The Deloitte Technology Fast 50 ranks the fastest-growing companies in the country - here we analyse the winners from each region
It isn’t just London that’s contributing to Britain’s burgeoning business landscape, with a number of regional tech companies in the UK also making rapid progress.
Here we analyse the winners from each region.
North East: SoPost – 2,357% growth
After a failed first iteration of his Newcastle-based company in 2009, Jonathan Grubin created SoPost in 2012 with three years of hard lessons under his belt.
The firm allows brands to launch sampling campaigns online, facilitating delivery and allowing them to send products to the right consumers, and measure their impact.
It now caters to a variety of companies ranging from PepsiCo to L’Oreal, with about 80% of its clients operating in the beauty sector.
Mr Grubin said: “People see our campaigns and get in touch – we have a huge amount of inbound enquiries. We’re growing really quickly now.”
Scotland: Synpromics – 2,485% growth
Based near Edinburgh, Synpromics is the market leader in gene control, offering technology that allowed genes to be switched on and off to help develop cures to genetic diseases.
Chief executive David Venables said: “If you’re trying to control the genes in the body for medical purpose, it’s helpful to think of the way lights work in a house.
“In the world of gene therapy today, the only way to control genes is through the fuse box, so either all your lights and electrical appliances are on, or they are all off.
“Synpromics has created the ability to turn the electricity on room by room, or route it to a single appliance.

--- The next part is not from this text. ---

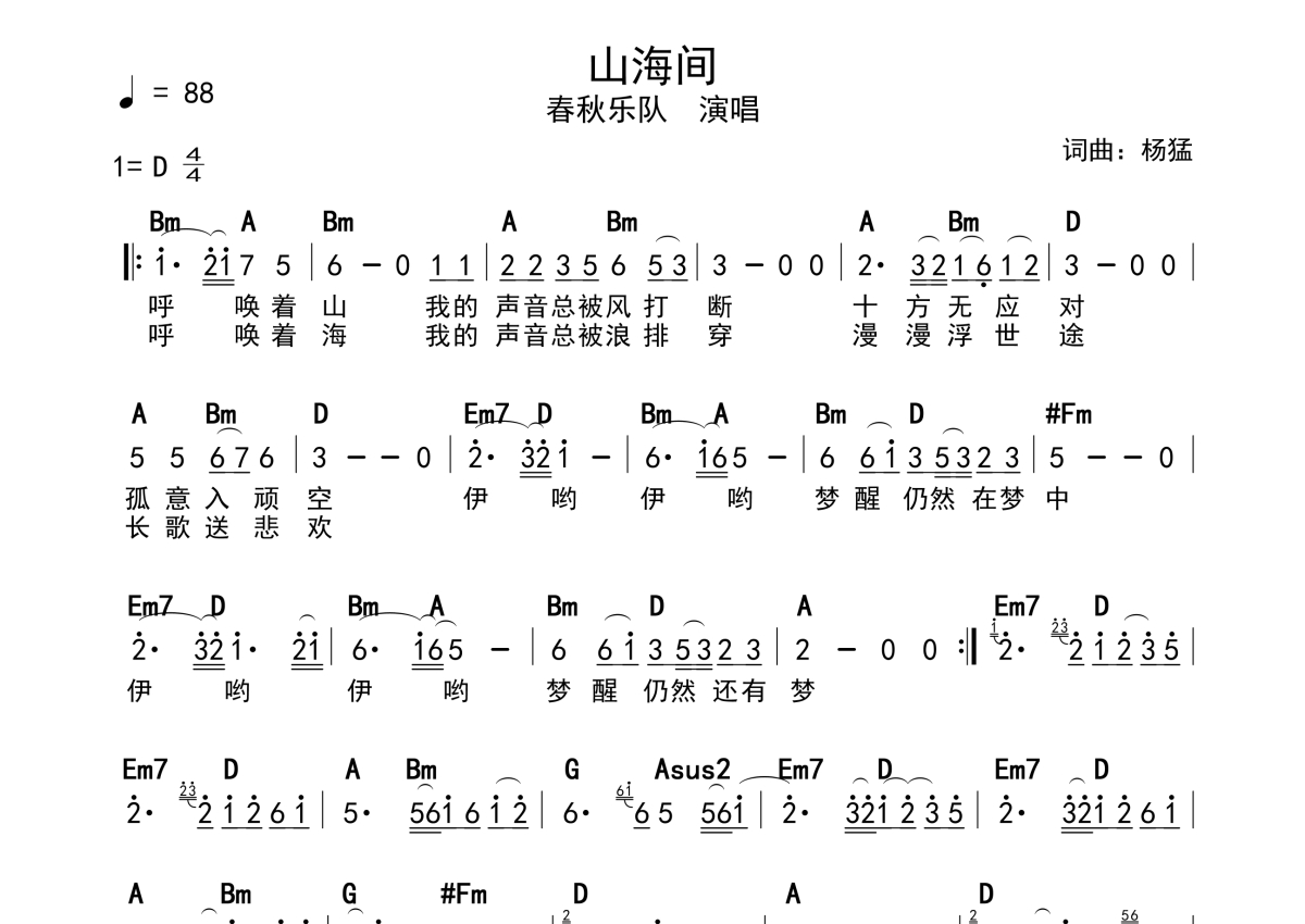 《山海间》是春秋乐队演唱的一首歌曲,带和弦级数,拍号为4/4拍,歌曲速度为每分钟88拍,这份简谱共有一张高清图谱,图谱由 @静沐暖阳 编配上传。

We’ve also created the gene equivalent of a dimmer switch.”
The company has 35 employees with a range of clients located primarily in the US, and has its sights set on a future revenue of $400m (£312m).

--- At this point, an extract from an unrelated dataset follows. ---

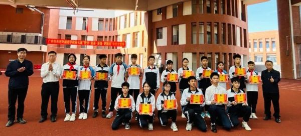 为了更好的激励同学踊跃参与运动,活动设立了特等奖、一二三等奖、优秀奖以及明星班级奖等不同维度的荣誉奖项。经过一个月的激烈角逐,共计181名同学、4个班级脱颖而出。11月17日,表彰大会顺利举行,获奖代表依次登上领奖台,校领导为其颁奖并合影留念。校领导也表示:“这次学校举办智慧体育挑战赛,在AI设备的加持下,学生运动兴趣大幅提升。活动不仅展现了天外学子的青春与力量,也借此为湾区全运喝彩助力。希望同学们未来能将体育运动融于日常生活,拥有强健体魄。”

Midlands: Impression – 949% growth
Recent university graduates at the time, Aaron Dicks and Tom Craig launched their digital marketing agency Impression in 2012.
Aaron said: “Tom and I worked together at a company in Nottingham and we were struggling to find the support we needed from agencies – we knew exactly what we wanted but we couldn’t find anyone to do it properly.”
By 2014, the Nottingham business began to grow and over the past four years this trend has continued exponentially.
It now employs 42 people and works with a range of clients in multiple different industries, specialising in helping mid-sized businesses with a turnover of £20m to £50m improve their marketing efforts.
North West: In Touch Networks – 1,524% growth
Manchester-based In Touch Networks acts as a hub for a network of websites connecting companies with potential employees – with no charge to either party.
Organisations that operate their recruitment process through its websites include the NHS, Cabinet Office, tech firm Fujitsu and bank Santander.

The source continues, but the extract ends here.